Now, she said, OV has a better infrastructure, thanks to Consortium’s resources.
When asked about common concerns expressed about PE ruining brands, she said, “PE or not, Cory and his team have deep experience in apparel. … We’ve been able to align on a strategy … I’m not being put in a box, but rather, I’m leading the strategy and getting buy-in, and then there are people who believe in it and will invest in it,” she said, referring to Consortium. The goal, she noted, is longevity: “We’re excited about this becoming the next Patagonia.”
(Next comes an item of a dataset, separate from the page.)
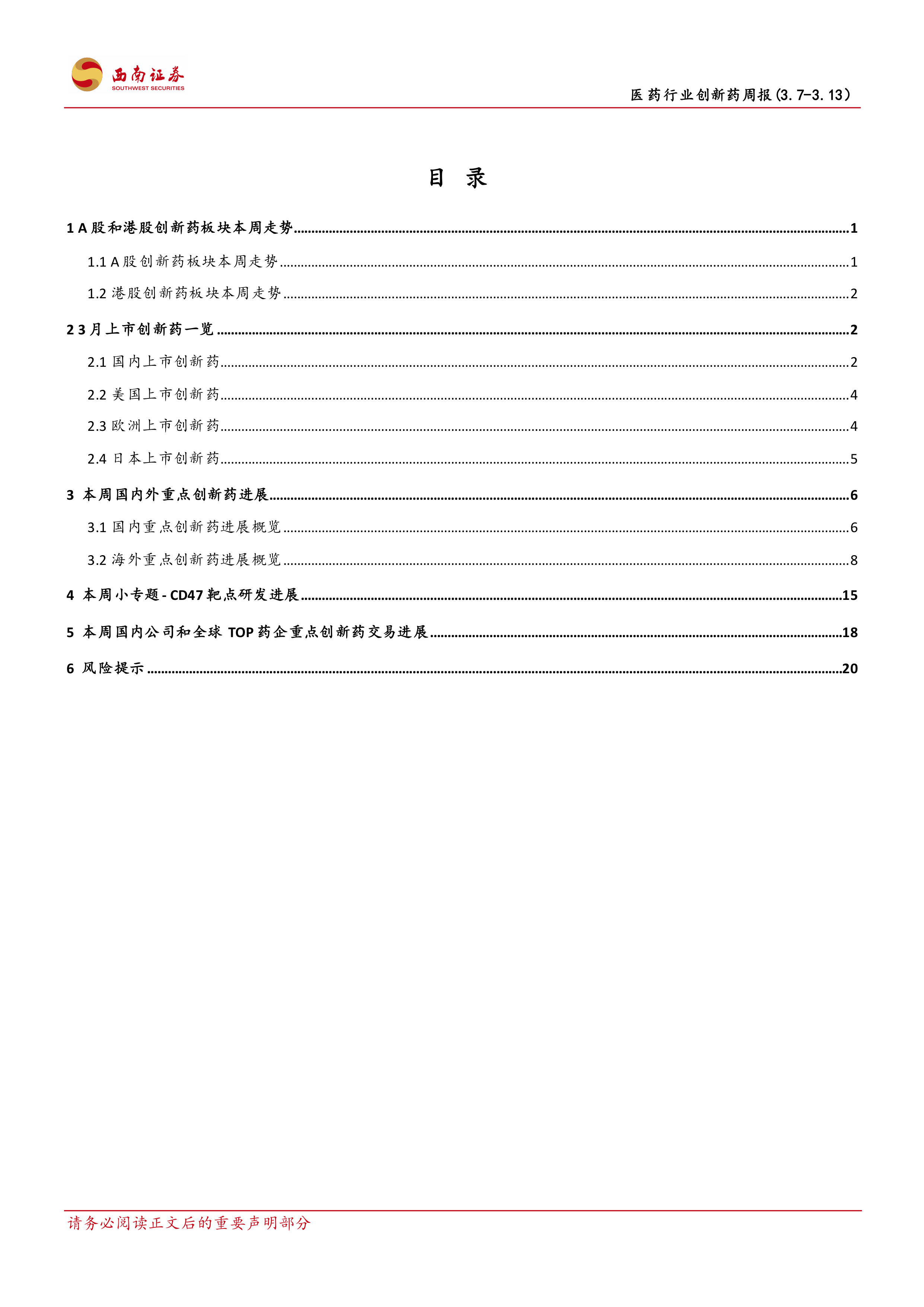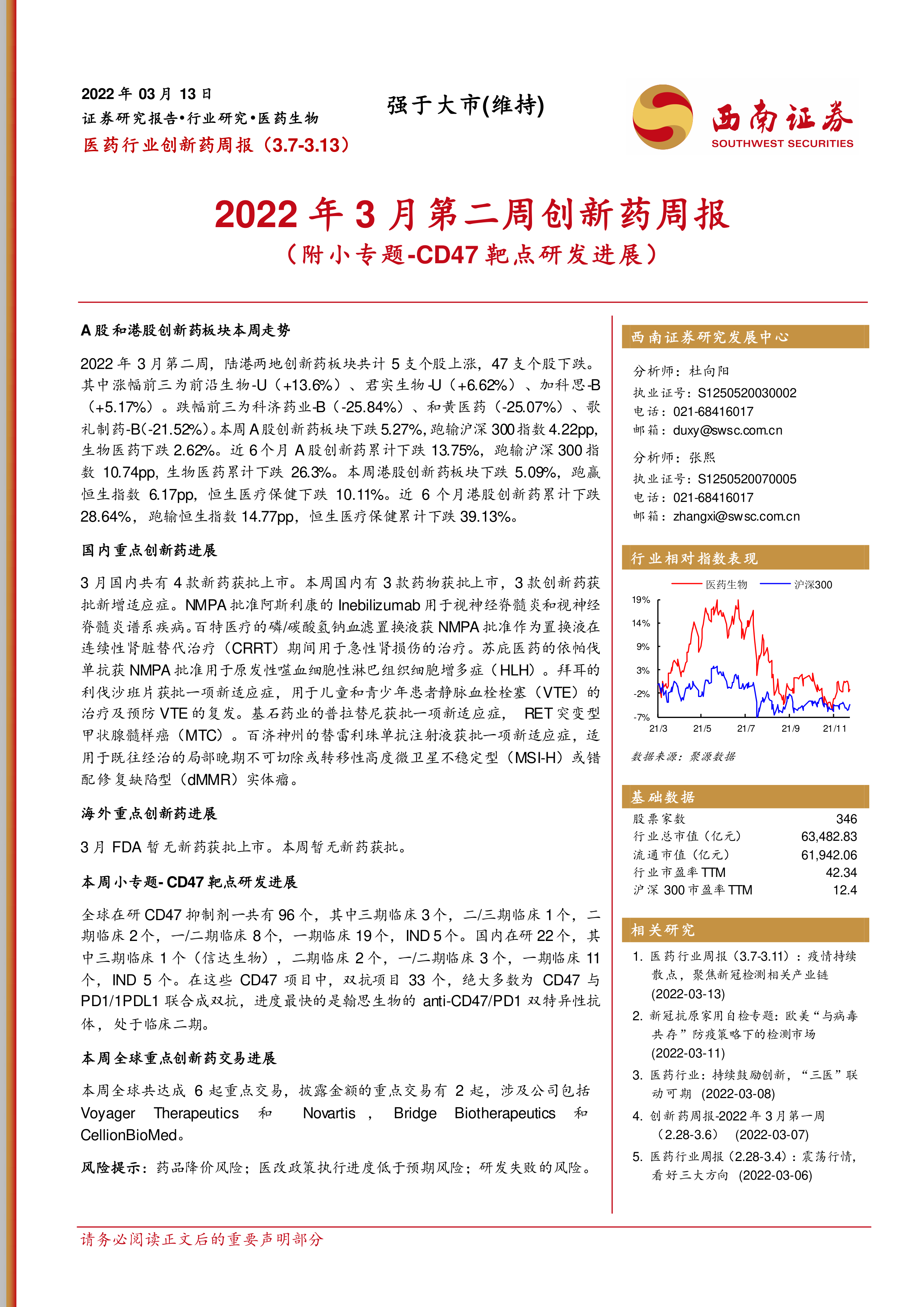 本报告对2022年3月7日至13日A股和港股创新药板块的市场表现、国内外新药审批进展、重点创新药研发进展以及创新药交易情况进行了全面分析。尽管市场整体表现低迷,但国内新药审批进展积极,CD47靶点药物研发进展迅速,为投资者提供了重要的市场信息和投资参考。 需要注意的是,医药行业存在药品降价、医改政策执行进度低于预期以及研发失败等风险。投资者需谨慎决策。

She said the response to her rumored comeback has been overwhelmingly positive. Though the Outdoor Voices account has not posted yet, the anonymous account @peoplebrandsandthings posted about Haney’s rumored return last week and was met with comments like “she is needed, respectfully,” “Oh I’m here for this plot,” and “So ready for my exercise dress collection to continue expanding, it’s been a long five years and they need new friends.”
“I’ve heard from everyone and their mother,” she said. “I didn’t realize that people would have the response they did. It’s really cool that OV meant so much to people. In a lot of ways, it’s like a feel-good story for myself, and for a lot of people who were OV fans.”